- _WHAT TO DO_: Repeat the lines of the data exactly and exclude any picture among them.

- _GIVEN MATERIAL_:
○ ○ ○ ○
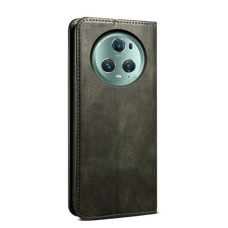 Θήκη τηλεφώνου από δέρμα με υφή λαδιού και κεριού Crazy Horse για Honor Magic5 Pro (Μαύρο)
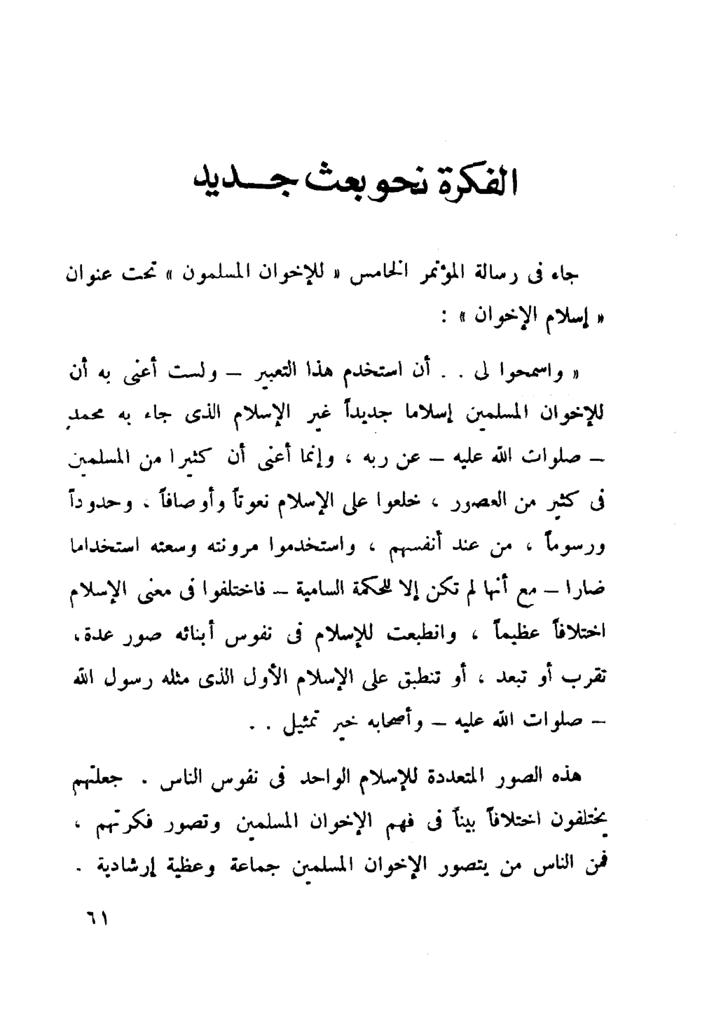 «وَاسْمَحُوا لِي أَنْ أَسْتَخْدِمَ هَذَا التَّعْبِيرَ وَلَسْتُ أَعَنِي بِهِ أَنْ لِلإِخْوَانِ المُسْلِمِينَ إِسْلاَمًا جَدِيدًا غَيْرَ الإِسْلاَمِ الذِي جَاءَ بِهِ مُحَمَّدٌ - صَلَوَاتُ اللهِ عَلَيْهِ - عَنْ رَبِّهِ وَإِنَّمَا أَعَنِي أَنْ كَثِيرًا مِنْ المُسْلِمِينَ فِي كَثِيرٍ مِنَ العُصُورِ خَلَعُوا عَلَى الإِسْلاَمِ نُعُوتًا وَأَوْصَافًا وَحُدُودًا وَرُسُومًا مِنْ عِنْدِ أَنْفُسِهِمْ وَاسْتَخْدَمُوا مُرُونَتَهُ وَسَعَتِهِ اِسْتِخْدامًا ضَارًّا مَعَ أَنَّهَا لَمْ تَكُنْ إلاَّ لِلْحِكْمَةِ السَّامِيَةِ فَاخْتَلَفُوا فِي مَعْنَى الإِسْلاَمِ اِخْتِلاَفًا عَظِيمًا , وَانْطَبَعَتْ لِلإِسْلاَمِ فِي نُفُوسِ أَبْنَائِهِ صُوَرٌ عِدَّةٌ تُقَرِّبُ أَوْ تُبْعِدُ، أَوْ تَنْطَبِقُ عَلَى الإِسْلاَمِ الأَوَّلِ الذِي مَثَّلَهُ رَسُولُ اللهِ - صَلَوَاتُ اللهِ عَلَيْهِ - وَأَصْحَابُهُ خَيْرَ تَمْثِيلِ ..
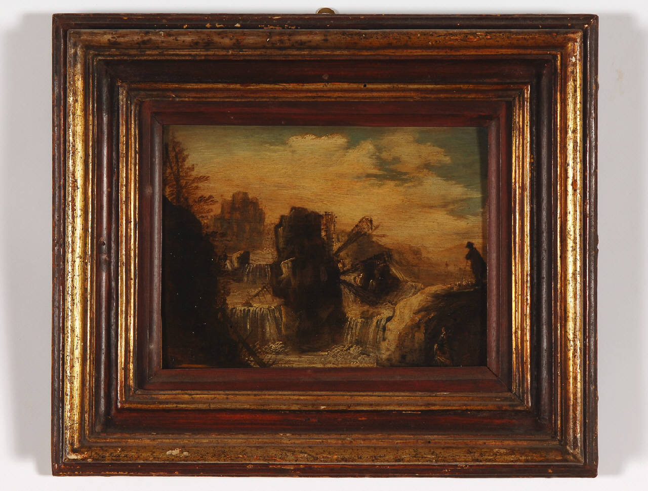 Dipinto inserito in una cornice di legno modanato, dorato e verniciato, raffigurante un paesaggio. Lo sfondo è dato da montagne che all'orizzonte sfumano confondendosi con il cielo soprastante carico di nubi. L'aspetto impetuoso, spumeggiante dell'acqua delle cascate che scendono dalle montagne è evidenziato dalla luce e dai tocchi veloci di colore. All'estrema destra compare la sagoma di una figura maschile in atteggiamento riflessivo e nello stesso tempo contemplativo rivolto al paesaggio che lo circonda. Predominano tonalità cupe e calde di colore; ricerca dell'umidità atmosferica che pervade l'intero paesaggio rappresentato.
○ ○ ○ ○
- _EXERCISE RESULT_:
 Θήκη τηλεφώνου από δέρμα με υφή λαδιού και κεριού Crazy Horse για Honor Magic5 Pro (Μαύρο)
 «وَاسْمَحُوا لِي أَنْ أَسْتَخْدِمَ هَذَا التَّعْبِيرَ وَلَسْتُ أَعَنِي بِهِ أَنْ لِلإِخْوَانِ المُسْلِمِينَ إِسْلاَمًا جَدِيدًا غَيْرَ الإِسْلاَمِ الذِي جَاءَ بِهِ مُحَمَّدٌ - صَلَوَاتُ اللهِ عَلَيْهِ - عَنْ رَبِّهِ وَإِنَّمَا أَعَنِي أَنْ كَثِيرًا مِنْ المُسْلِمِينَ فِي كَثِيرٍ مِنَ العُصُورِ خَلَعُوا عَلَى الإِسْلاَمِ نُعُوتًا وَأَوْصَافًا وَحُدُودًا وَرُسُومًا مِنْ عِنْدِ أَنْفُسِهِمْ وَاسْتَخْدَمُوا مُرُونَتَهُ وَسَعَتِهِ اِسْتِخْدامًا ضَارًّا مَعَ أَنَّهَا لَمْ تَكُنْ إلاَّ لِلْحِكْمَةِ السَّامِيَةِ فَاخْتَلَفُوا فِي مَعْنَى الإِسْلاَمِ اِخْتِلاَفًا عَظِيمًا , وَانْطَبَعَتْ لِلإِسْلاَمِ فِي نُفُوسِ أَبْنَائِهِ صُوَرٌ عِدَّةٌ تُقَرِّبُ أَوْ تُبْعِدُ، أَوْ تَنْطَبِقُ عَلَى الإِسْلاَمِ الأَوَّلِ الذِي مَثَّلَهُ رَسُولُ اللهِ - صَلَوَاتُ اللهِ عَلَيْهِ - وَأَصْحَابُهُ خَيْرَ تَمْثِيلِ ..
 Dipinto inserito in una cornice di legno modanato, dorato e verniciato, raffigurante un paesaggio. Lo sfondo è dato da montagne che all'orizzonte sfumano confondendosi con il cielo soprastante carico di nubi. L'aspetto impetuoso, spumeggiante dell'acqua delle cascate che scendono dalle montagne è evidenziato dalla luce e dai tocchi veloci di colore. All'estrema destra compare la sagoma di una figura maschile in atteggiamento riflessivo e nello stesso tempo contemplativo rivolto al paesaggio che lo circonda. Predominano tonalità cupe e calde di colore; ricerca dell'umidità atmosferica che pervade l'intero paesaggio rappresentato.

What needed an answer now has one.